Please reproduce the lines from the one containing "Sparen Sie bis" through the end of the data below exactly as they stand, and omit all pictures.

● ● ● ●

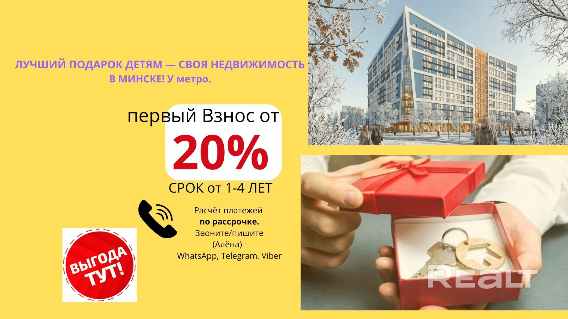 Лучший подарок ДЕТЯМ - Первая недвижимость! Взнос ВСЕГО от 20%. 💥 НЕ ЖДИ-Звони! Алёна
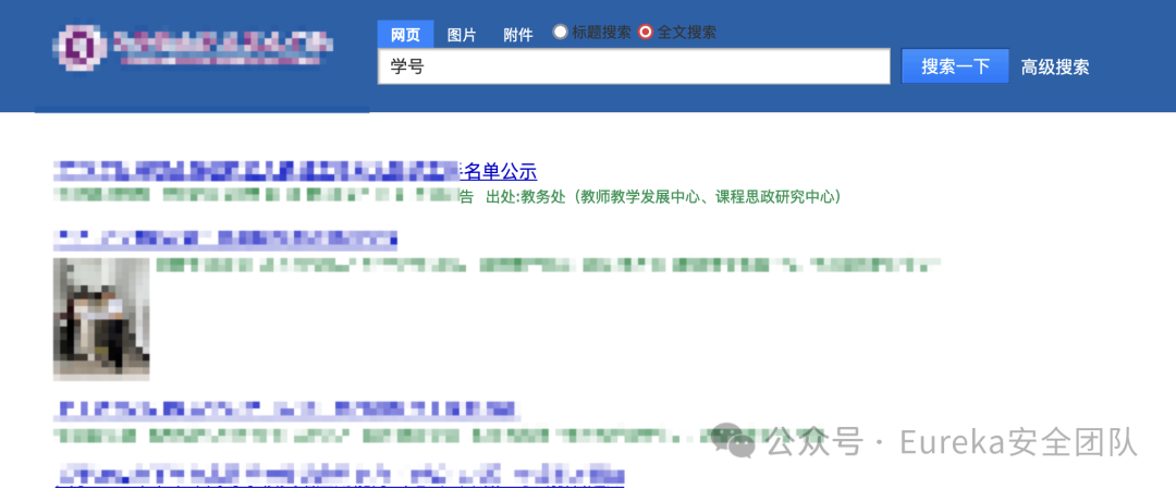 有使用说明和初始密码的提示,初步知道了这个系统的大致账号规律,账号是学生的学号,初始密码是身份证后6位,所以接下来的渗透思路就是找到学生的学号和ta的身份证。学号这个很好找,直接官网搜索🔍关键字“学号”,出来一大堆。
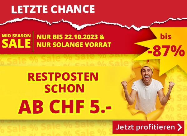 Sparen Sie bis zu -87% auf unsere Restposten! Nur solange Vorrat & nur noch bis 00h!
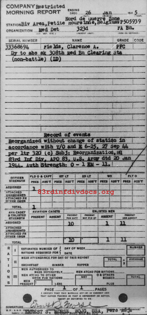 Reorganized without change of station in accordance with T/O and E6-25, 27 Sep 44 per ltr 320 (c) Sub: Reorganization, Hq 83rd Inf Div, APO 83, U.S. Army dtd 20 Jan 1944. Auth Strength: O - 1, EM - 11
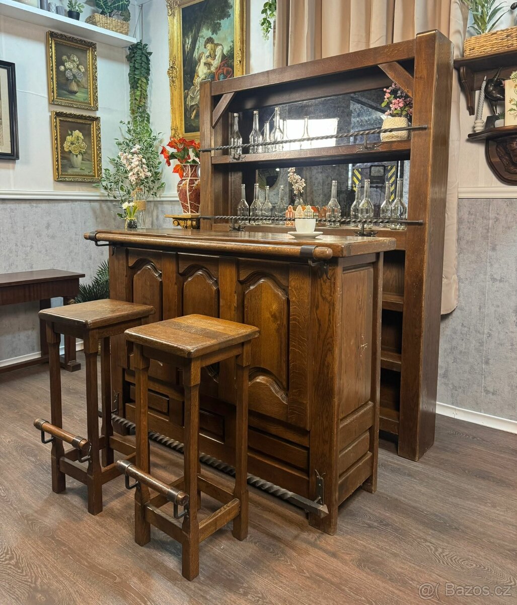 Výrazný a velmi autentický barový komplet z masivního dubu, který v sobě nese atmosféru starých hospod, vináren a klubů. Celek působí robustně, poctivě a přitom elegantně ideální do stylového interiéru, domu, vinného sklepa, baru, kavárny či pánského salonu.
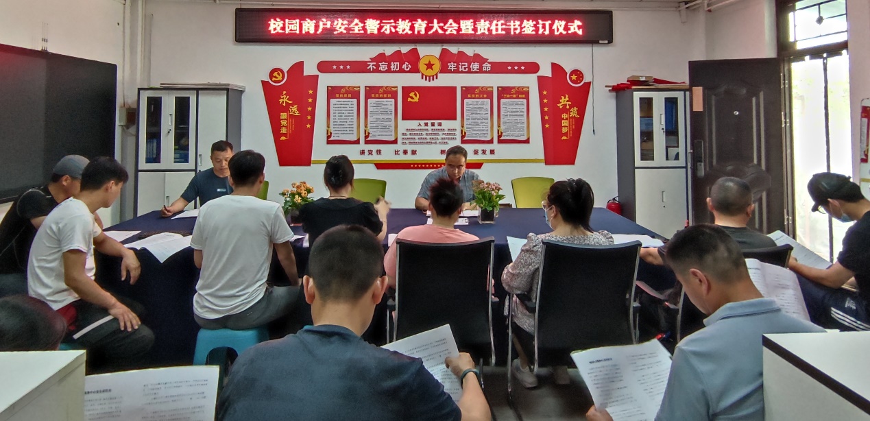 为了进一步提高校园商铺从业人员的食品安全、消防安全意识,有效防范安全隐患和减少安全事故的发生,落实安全管理工作。5月18日资产经营管理中心召开安全工作会议,并组织全体商户召开安全警示教育大会。会议由资产经营管理中心主任周晓峰主持。

● ● ● ●

▶ Response area:
 Sparen Sie bis zu -87% auf unsere Restposten! Nur solange Vorrat & nur noch bis 00h!
 Reorganized without change of station in accordance with T/O and E6-25, 27 Sep 44 per ltr 320 (c) Sub: Reorganization, Hq 83rd Inf Div, APO 83, U.S. Army dtd 20 Jan 1944. Auth Strength: O - 1, EM - 11
 Výrazný a velmi autentický barový komplet z masivního dubu, který v sobě nese atmosféru starých hospod, vináren a klubů. Celek působí robustně, poctivě a přitom elegantně ideální do stylového interiéru, domu, vinného sklepa, baru, kavárny či pánského salonu.
 为了进一步提高校园商铺从业人员的食品安全、消防安全意识,有效防范安全隐患和减少安全事故的发生,落实安全管理工作。5月18日资产经营管理中心召开安全工作会议,并组织全体商户召开安全警示教育大会。会议由资产经营管理中心主任周晓峰主持。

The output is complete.